When I did pull in information, it was not the information I was looking for. When I scanned through the results, I could see where the data I am looking for should be, but all the results are missing, just the table column headers show up in about Row 263 or so.
So then I tried doing a copy and paste method from the web page using select all for the copy on the web page. For the paste I tried different methods. keeping source formatting resulted in nothing. keep destination formatting brought in information. I tried paste special (html, Unicode and text) HTML made things look pretty and the other two put everything into a single column. More importantly the results were in the table.
Now if I only needed round 1 group 1 team list and results I could work with this. Simply delete all the rows above and below the table and voila! however since the web address is the same for every group and every round I have no idea how to "click" on the blue or green areas to update the info.

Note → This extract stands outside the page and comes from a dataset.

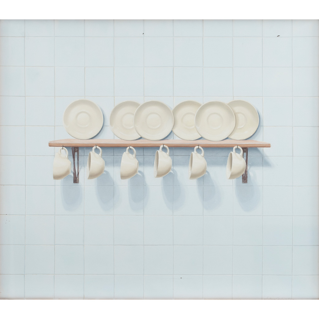 Subasta 767, Lote # 183 SANTIAGO CÁRDENAS (Bogotá, Colombia, 1937 -) Naturaleza muerta con tazas Firmado Óleo sobre tela Procedencia: adquirido a la Colección Window South, Menlo Park, California por el actual propietario. Con etiquetas de Garcés Galería con el título "Taza y Platos" y de Christie's. Presenta desprendimientos de capa pictórica. Realizó estudios de arte en Rhode Island School of Design, BFA en pintura en 1960. Fue becado en Cummington Art School, Massachussetts durante el verano de 1959. Después de prestar servicio militar obligatorio en el ejército de los Estados Unidos, ingresó a Yale University donde obtuvo el MFA en pintura en 1964. Regresó a Colombia en 1965 y desde entonces cuenta con una activa carrera docente ejercida en la Universidad Nacional de Colombia. Allí es profesor titular y profesor emérito. "Santiago Cárdenas tiene un impecable manejo de los recursos plásticos y el total dominio de estos. Una demostración de ello son las sombras sutiles que ocupan parte de los espacios y con los cuales inserta atmósferas poéticas texturizadas, luces y sombras que rodean o abrazan el espacio y los objetos, sin ánimo de engañar el ojo o representar fidedignamente la realidad. Más bien le propone al visitante una nueva realidad; lo motiva a pensar y de una u otra forma sumergirlo en un mundo aparentemente real, pero lejos de serlo, pues todo espacio ha sido inventado y creado por el artista. Su objetivo parece ser que el espectador realmente mire y vea el objeto, inmerso en un espacio poético que nos devuelve a una realidad transformada". María Cristina Pïgnalosa. Fuente consultada: PÏGNALOSA, María Cristina. "Santiago Cárdenas y el mundo de los objetos". Colombia. KienyKe, 23 de septiembre de 2013, en diario digital: www.kienyke.com/tendencias/santiago-cardenas-y-el-mundo-de-los-objetos/ 112 x 127 cm USD $8,800-$14,700 Estimado $150,000-250,000

If I knew this I could automate the process by copying and pasting each page, then editing the results to just the table, and moving the table to another sheet just below the last results.
To me there seems like there should be a better method.
16/03/19 1600
<!-- ko if: visibleBracketType() === ROUND_ROBIN -->
<table class="tournament-table tournament-table__indent" cellpadding="0" cellspacing="0">
<tr class="tournament-table_tr">
<th class="tournament-table_th tournament-table_th__numb">#</th>
<th class="tournament-table_th">
<div class="tournament-table_ico-holder">
<span class="ico-team">Team</span>
</div>
<div class="tournament-table_heading-text">
Team
</div>
</th>
<th class="tournament-table_th">
<div class="tournament-table_ico-holder">
<span class="ico-battles">Battles</span>
</div>
<div class="tournament-table_heading-text">
Battles
</div>
</th>
<th class="tournament-table_th">
<div class="tournament-table_ico-holder">
<span class="ico-victory">Victories</span>
</div>
<div class="tournament-table_heading-text">
Victories
</div>
</th>
<th class="tournament-table_th tournament-table_th__mobile-hide">
<div class="tournament-table_ico-holder">
<span class="ico-flag">Defeats</span>
</div>
<div class="tournament-table_heading-text">
Defeats
</div>
</th>
<th class="tournament-table_th tournament-table_th__mobile-hide">
<div class="tournament-table_ico-holder">
<span class="ico-division">Draws</span>
</div>
<div class="tournament-table_heading-text">
Draws
</div>
</th>
<th class="tournament-table_th">
<div class="tournament-table_ico-holder">
<span class="ico-points">Points</span>
</div>
<div class="tournament-table_heading-text">
Points
</div>
</th>
</tr>
<!-- ko foreach: {data: rrBrackets().teams, as: 'team' } -->
<tr class="tournament-table_tr" data-bind="css: {'tournament-table_tr__my-team': team.team_id === $root.currentUserTeamIdInCurrentGroup()}">
<td class="tournament-table_td" data-bind="text: team.position"></td>
<td class="tournament-table_td" data-bind="css: {'tournament-table_td__my-team': team.team_id === $root.currentUserTeamIdInCurrentGroup()}">
<a class="tournament-table_team tournament-table_team__big" target="_blank" data-bind="text: team.team_title, attr: {href: $root.getTournamentTeamUrl(team.team_id)}"></a>
</td>
<td class="tournament-table_td" data-bind="text: team.battle_played"></td>
<td class="tournament-table_td" data-bind="text: team.wins"></td>
<td class="tournament-table_td tournament-table_td__mobile-hide" data-bind="text: team.losses"></td>
<td class="tournament-table_td tournament-table_td__mobile-hide" data-bind="text: team.draws"></td>
<td class="tournament-table_td" data-bind="text: team.extra_statistics.points"></td>
</tr>
<!-- /ko -->
</table>
ok, from what I am gathering from the various posts I have been reading and videos I have been watching, I need to find some critical "Tag" in the coding of the web page and from that I can eventually start pulling data. I hit F12 on IE to view the code, and then in the code area I did a search on some of the display text in the area I was looking and found the above chunk of "code". With a lot of GUESSING I am hoping I grabbed the right chunk. Now to figure out what that critical tag is and how to use it. By the way, what code is that web page in?